For a person already weighing the costs the 2021 survey describes — the time, the energy, the uncertainty about coping — that's not a neutral data point. It's a preview of what happens to your voice, specifically, the moment you become a parent and something doesn't work. Not "the system might not help you" — that's a known, factored-in cost.

But "the people around you will treat your asking for help as the problem" is a different, and arguably heavier, cost. It converts every future grievance — however small, however reasonable — into evidence against your own character.

And that's where the logic curdles into something close to self-defeating. If having a child means surrendering the standing to ask that anything be made easier — if "you chose this" forecloses even the mildest request for clarity or accommodation — then the rational response to that deal, for someone who hasn't yet made the choice, is not to make it.

Not out of selfishness, but because the terms as described are: full responsibility, zero accommodation, and reputational punishment for noticing the gap. Framed that way, choosing not to have children isn't a failure to "step up." It's simply declining to sign a contract whose terms were just demonstrated, in public, by the people who'd be enforcing them.

What accommodation actually means

Successful pro-natalist policies generally rest on a fairly simple premise: that raising children is not solely a private matter, and that some degree of accommodation — practical, small, often nearly costless — is socially justified. Not because parents are owed luxury, but because a society that wants more of its members to have children has an obvious interest in making the ordinary mechanics of doing so marginally less punishing.

The comment section under the Chow story was, in aggregate, advancing something close to the reverse of that premise: children are your choice, therefore your problem, and any request for the burden to be shared — even a request as small as "can this $2 logistical snag be clarified" — gets read as overreach.

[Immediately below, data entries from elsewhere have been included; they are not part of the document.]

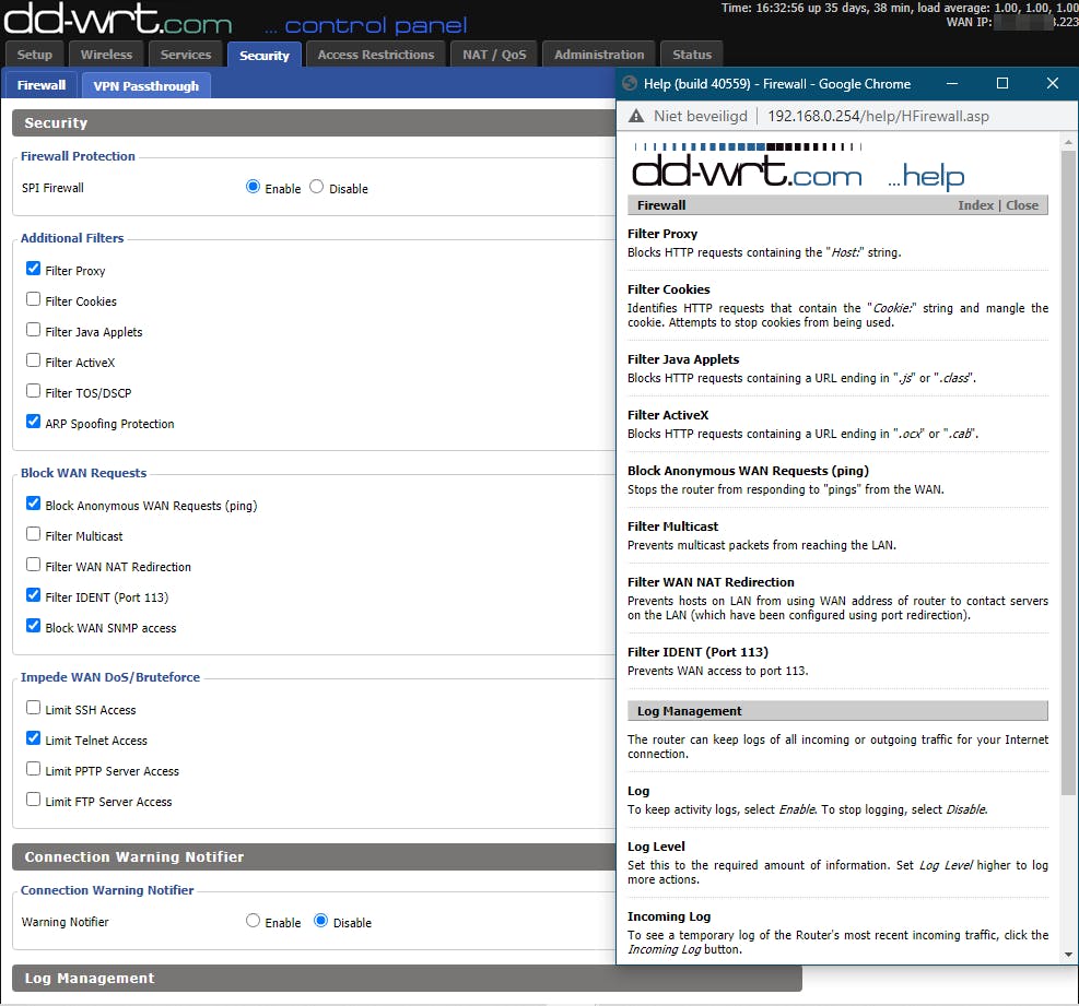 De router is al enkele keren ter sprake gekomen, wat niet vreemd is waar het de gateway van en naar je netwerk en servers is. Er noemen als eerste toch wat voor de hand liggende beveiligingsmaatregelen:
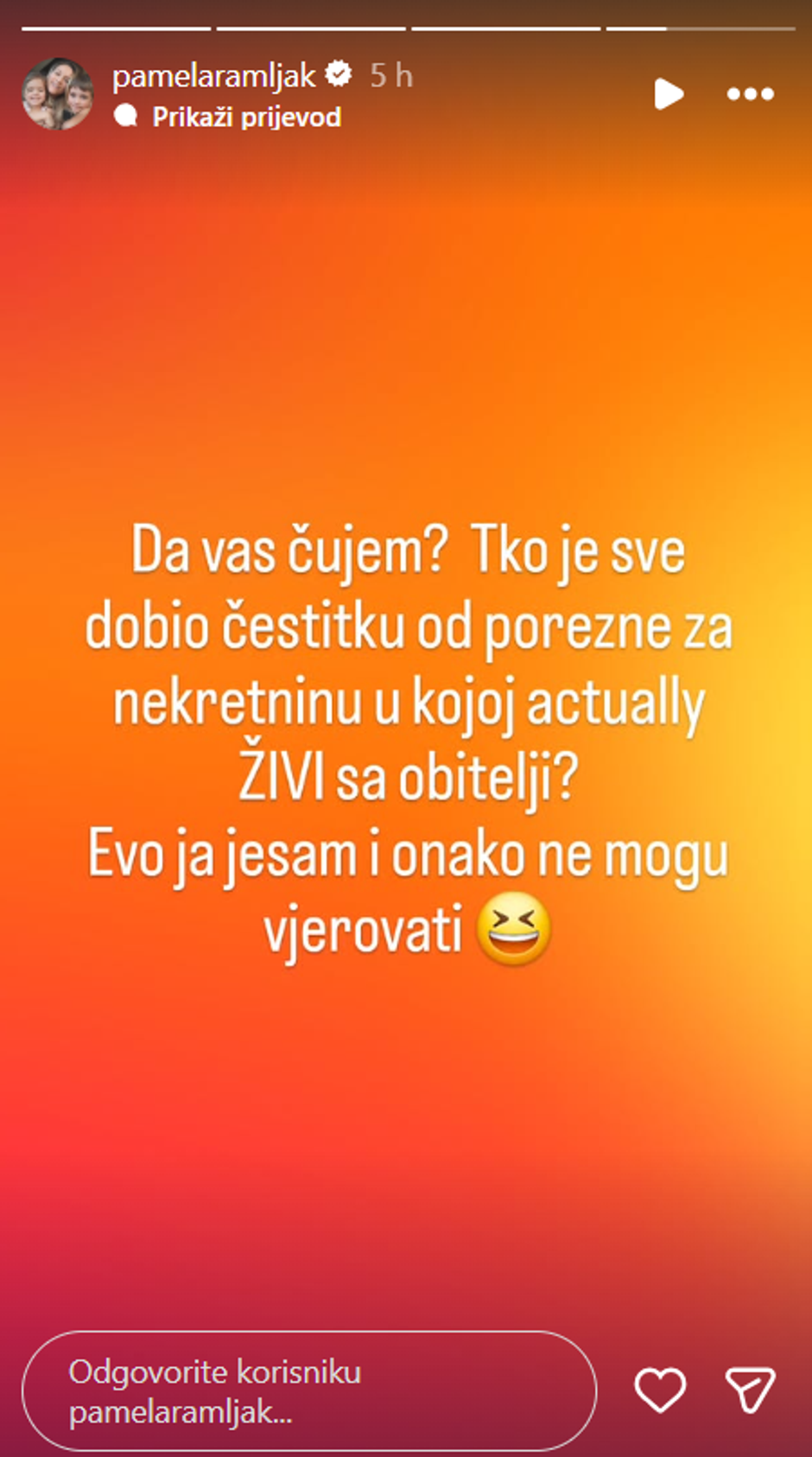 Naša glazbenica i članica grupe Feminnem, 46-godišnja Pamela Ramljak na društvenoj mreži Instagram podijelila je jednu zanimljivost. Naime, riječ je o 'čestitci' iz Porezne uprave na nekretninu, no u ovom slučaju, pjevačica ističe da u istoj stanuje s obitelji. "Da vas čujem? Tko je sve dobio čestitku od Porezne za nekretninu u kojoj zapravo živi s obitelji? Evo ja jesam, i onako, ne mogu vjerovati", napisala je pjevačica u svojoj Instagram priči. Ako se prisjetimo, Večernji list prošlog je tjedna pisao o spomenutim "čestitkama" koje su građani počeli dobivati od Porezne uprave. Izvijestili su javnost kako su vlasnicima nekretnina počela izdavanja rješenja o utvrđivanju obveze poreza na nekretnine za 2025. godinu, čime se obračunava taj porez drugu godinu zaredom. Kako su istaknuli iz Porezne uprave, rješenja se donose prema stanju, namjeni i vlasništvu nekretnine na dan 31. ožujka 2025. godine, a postupak utvrđivanja porezne obveze provodi se na temelju podataka kojima Porezna uprava raspolaže, podataka iz evidencija komunalne naknade te ostalih podataka koji su od utjecaja na utvrđivanje porezne obveze, koje su Poreznoj upravi, kao nadležnom poreznom tijelu za utvrđivanje i naplatu poreza na nekretnine, dostavila upravna tijela jedinica lokalne samouprave i porezni obveznici. "U slučaju da porezni obveznici zaprime rješenje za koje smatraju da je utemeljeno na pogrešnim podacima, preporučujemo da u zakonskom roku izjave žalbu kako bi se u žalbenom postupku provjerile sve činjenice", naveli su iz Porezne uprave.
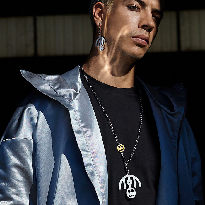 collana / ciondolo 7.0 cm in alluminio riciclato con gancio / logo OGM oro diametro 2.0 cm in alluminio riciclato / catena chiusa color antracite circonferenza 80 cm / confezionato in vasetto di vetro con cofanetto / prodotto in Italia
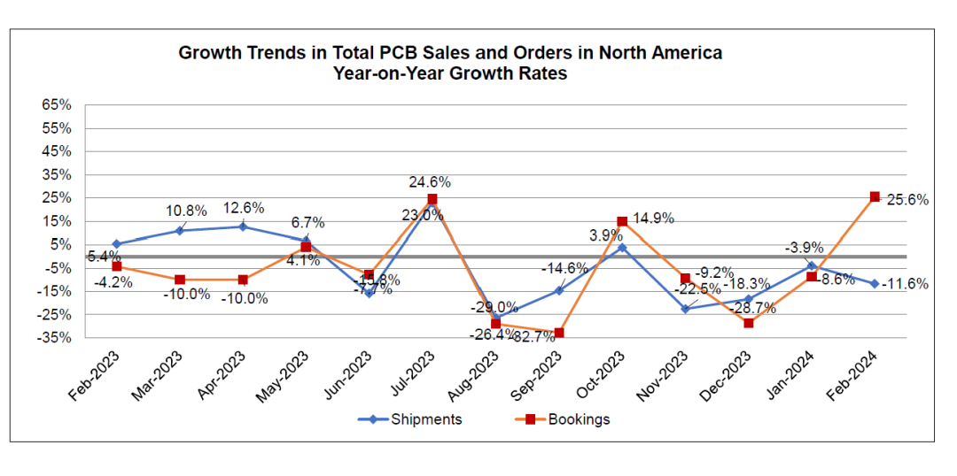 2月份PCB订单与去年同期相比增长了25.6%。二月份的预订量比上月增长了47.5%。
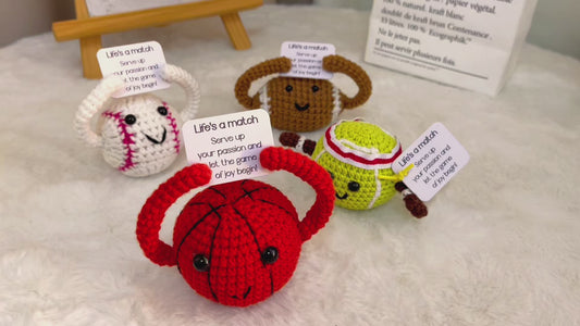 手工鉤針運動球類鑰匙圈——籃球、棒球、美式足球、網球 - 可客製化祝福語的禮物 - 專為運動愛好者、生日、節日及特殊場合打造

That's not a policy position the government has taken. It's a position a large number of ordinary Singaporeans took, voluntarily, in public, in response to a government minister's own call for a "reset" toward viewing parenthood more positively.

The protest that doesn't need to be organised

In China, a phenomenon known as "tang ping" — literally "lying flat" — describes a generation responding to a punishing combination of housing costs, education competition, and gruelling work culture not with organised protest, but with quiet, individual withdrawal: opting out of marriage, career striving, and childbearing altogether, because the system stopped holding up its end of the bargain. No manifesto, no movement — just millions of separate decisions not to participate.

Singapore's fertility numbers — falling for years, now at a historic low — describe something that looks, in aggregate, remarkably similar, just channelled through the single most consequential household decision there is. Nobody needs to organise anything. They simply don't have the child.

What the Chow episode and its aftermath add to that picture is a glimpse of the terms themselves, stated plainly, by the public rather than the government: have the child if you want, but don't expect anything to be easier, and don't expect sympathy if you say so.

For someone who hasn't yet decided, that's not an abstract policy debate to weigh against housing prices and childcare costs. It's a live demonstration — with a real name, a real video, and a real comment count — of what your voice is worth, the moment you're the one asking.

If the lesson anyone takes from this episode is "this parent was unreasonable," rather than "this is what we just told every person still deciding whether to have a child" — then the reset, whatever form it eventually takes, will have already failed its first and easiest test, not at the level of policy, but at the level of permission: whether parents in Singapore are allowed to ask, without being told that asking is itself the problem.